Breaking 9th-grade writing mindsets and habits

I think my 9th-grade self would have loved having a tool like ChatGPT to help with my essay assignments. But the real reason why is probably not what you’re thinking.

I relish the first part of writing—coming up with ideas worth sharing—and I find satisfaction in the final part of writing—polishing my prose for persuasive power. But the middle part—hammering out a lousy first draft—is a painful process given my bad habit of perfectionistic editing as I write. But over the last few months, I’ve found two amazing things that ChatGPT can do for me as a writer.

First, ChatGPT allows me to do what my colleague, Bob Moesta, calls “rapid prototyping.” I feed the AI my ideas—often through verbal dictation using its mobile app—and then it hands me back an outline for organizing those ideas into a blog post.
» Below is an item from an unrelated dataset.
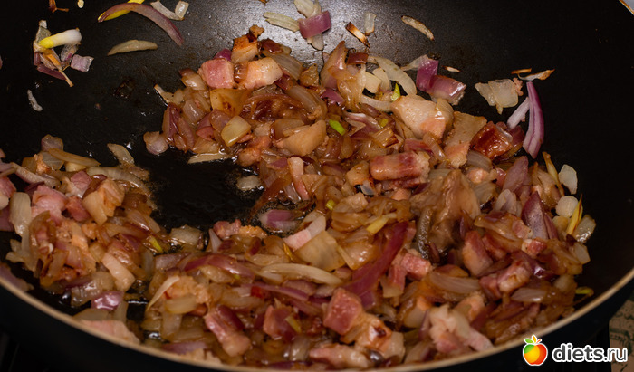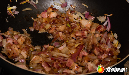 Ещё если вдруг в холодильнике есть копчёный бекон или грудинка - можно тоже добавить, но особой надобности нет.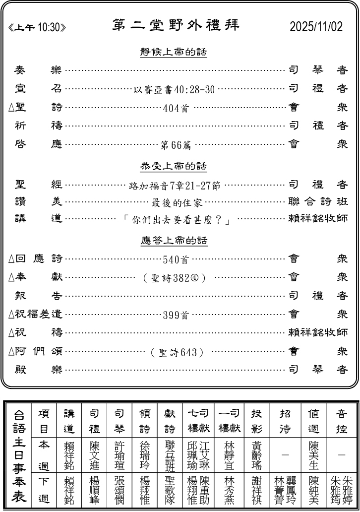 Posted on 2025 10 月 31, 證道: 林芳名牧師/賴祥銘牧師

We do some back and forth on the outline, then I ask it to write me the first draft, one headings-worth at a time. I’m not giving it a topic and then asking it to do the work of coming up with what to say on that topic. I’m doing the thinking, then it’s doing the initial writing. 

Are the first drafts written by ChatGPT up to par with what I expect of my own writing? No. They look like they were written by an average high school student following all the formal conventions they’ve been trained to mimic. The structure is so predictable that it’s boring, and the sentences are full of cliche turns of phrase.

But with this leg up from ChatGPT, a process that has typically taken me around four to six hours gets cut down to about an hour. What’s even more important is that this collaboration between me and the machine has been easing my dread of writing the first draft.

Second, ChatGPT gives me quick and convenient access to an outside perspective on my work. When I’m not sure if my structure is working, or I’m struggling to come up with a concise and catchy way to convey my ideas, outside feedback is often the best remedy. Unfortunately, the turnaround time for collegial feedback is typically a day or more, and when my colleagues are pressed for time, asking for feedback can feel like an imposition. Meanwhile, ChatGPT can often give me just what I need: a little bit of new insight to break me out of the rut I’m stuck in. Are its insights as good as those of a colleague? No. But what it lacks in quality it compensates for in on-demand responsiveness.

In short, while AI can handle the ‘how’ of writing, it falls short in understanding the ‘why’ and ‘what’—the substance that gives a piece of writing its rigor and depth. Nonetheless, I’ve experienced first hand how tools like ChatGPT can facilitate cycles of writing, revising, and refining, all while helping me foster low-stress, fail-forward mindsets.

Harnessing AI’s potential to revolutionize educational feedback

I think we’re on the verge of a future where AI dramatically reshapes how students experience learning to write. With the help of AI, students will be able to see more clearly that the most important part of writing isn’t what happens when your fingers hit the keyboard—it’s the learning and the thinking that happens before you ever pull up a blank page. Once they do their thinking, AI can help them translate what they’ve discovered into written text. Then, as they learn to work with that text to hone in on what they really want to communicate, sophisticated algorithms can help them sharpen their intuitions for that medium by providing real-time feedback on not only grammatical errors but also argument coherence, evidence use, and rhetorical strategy.

When schools and educators see AI as an ally rather than an adversary, I suspect they’ll discover an unprecedented opportunity to both raise the bar on what they expect from their students as well as make the learning experience more enjoyable and meaningful. Did I mention that I used AI to write the first draft of this piece?